Cai Qidong, He Boxue, Zhang Pengfei, Zhao Zhenyu, Peng Xiong, Zhang Yuqian, Xie Hui, Wang Xiang
Department of Thoracic Surgery, The Second Xiangya Hospital, Central South University, Changsha, 410011, Hunan, China.
Hunan Key Laboratory of Early Diagnosis and Precision Therapy, Department of Thoracic Surgery, The Second Xiangya Hospital, Central South University, Changsha, 410011, China.
J Transl Med. 2020 Dec 7;18(1):463. doi: 10.1186/s12967-020-02635-y.
Alternative splicing (AS) plays critical roles in generating protein diversity and complexity. Dysregulation of AS underlies the initiation and progression of tumors. Machine learning approaches have emerged as efficient tools to identify promising biomarkers. It is meaningful to explore pivotal AS events (ASEs) to deepen understanding and improve prognostic assessments of lung adenocarcinoma (LUAD) via machine learning algorithms.
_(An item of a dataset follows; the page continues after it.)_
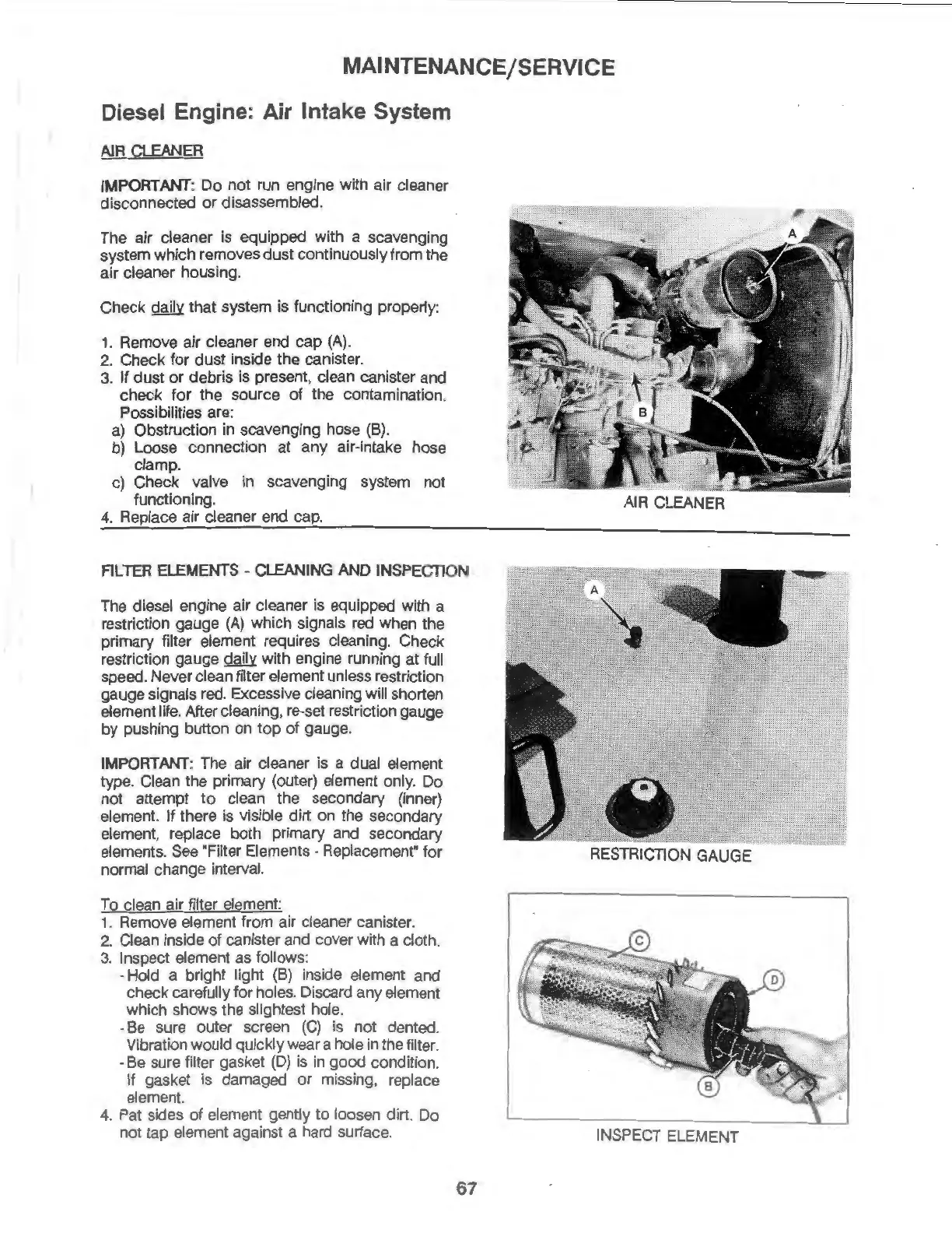 speed. Never clean filter element unless restriction

RNA sequencing data and AS data were extracted from The Cancer Genome Atlas (TCGA) database and TCGA SpliceSeq database. Using several machine learning methods, we identified 24 pairs of LUAD-related ASEs implicated in splicing switches and a random forest-based classifiers for identifying lymph node metastasis (LNM) consisting of 12 ASEs. Furthermore, we identified key prognosis-related ASEs and established a 16-ASE-based prognostic model to predict overall survival for LUAD patients using Cox regression model, random survival forest analysis, and forward selection model. Bioinformatics analyses were also applied to identify underlying mechanisms and associated upstream splicing factors (SFs).
Each pair of ASEs was spliced from the same parent gene, and exhibited perfect inverse intrapair correlation (correlation coefficient = - 1). The 12-ASE-based classifier showed robust ability to evaluate LNM status of LUAD patients with the area under the receiver operating characteristic (ROC) curve (AUC) more than 0.7 in fivefold cross-validation. The prognostic model performed well at 1, 3, 5, and 10 years in both the training cohort and internal test cohort. Univariate and multivariate Cox regression indicated the prognostic model could be used as an independent prognostic factor for patients with LUAD. Further analysis revealed correlations between the prognostic model and American Joint Committee on Cancer stage, T stage, N stage, and living status. The splicing network constructed of survival-related SFs and ASEs depicts regulatory relationships between them.
In summary, our study provides insight into LUAD researches and managements based on these AS biomarkers.
可变剪接(AS)在产生蛋白质多样性和复杂性方面发挥着关键作用。AS失调是肿瘤发生和发展的基础。机器学习方法已成为识别有前景的生物标志物的有效工具。通过机器学习算法探索关键的AS事件(ASEs),以加深对肺腺癌(LUAD)的理解并改善其预后评估,具有重要意义。
从癌症基因组图谱(TCGA)数据库和TCGA SpliceSeq数据库中提取RNA测序数据和AS数据。使用多种机器学习方法,我们鉴定出24对与LUAD相关的涉及剪接开关的ASEs,以及一个由12个ASEs组成的基于随机森林的用于识别淋巴结转移(LNM)的分类器。此外,我们鉴定出关键的预后相关ASEs,并使用Cox回归模型、随机生存森林分析和向前选择模型建立了一个基于16个ASEs的预后模型,以预测LUAD患者的总生存期。还应用生物信息学分析来确定潜在机制和相关的上游剪接因子(SFs)。
每对ASEs均由同一个亲本基因剪接而来,并且在配对内呈现出完美的负相关(相关系数 = -1)。基于12个ASEs的分类器在五重交叉验证中显示出强大的评估LUAD患者LNM状态的能力,受试者操作特征(ROC)曲线下面积(AUC)超过0.7。该预后模型在训练队列和内部测试队列的1年、3年、5年和10年时表现良好。单因素和多因素Cox回归表明,该预后模型可作为LUAD患者的独立预后因素。进一步分析揭示了预后模型与美国癌症联合委员会分期、T分期、N分期和生存状态之间的相关性。由生存相关SFs和ASEs构建的剪接网络描绘了它们之间的调控关系。
总之,我们的研究基于这些AS生物标志物为LUAD的研究和管理提供了见解。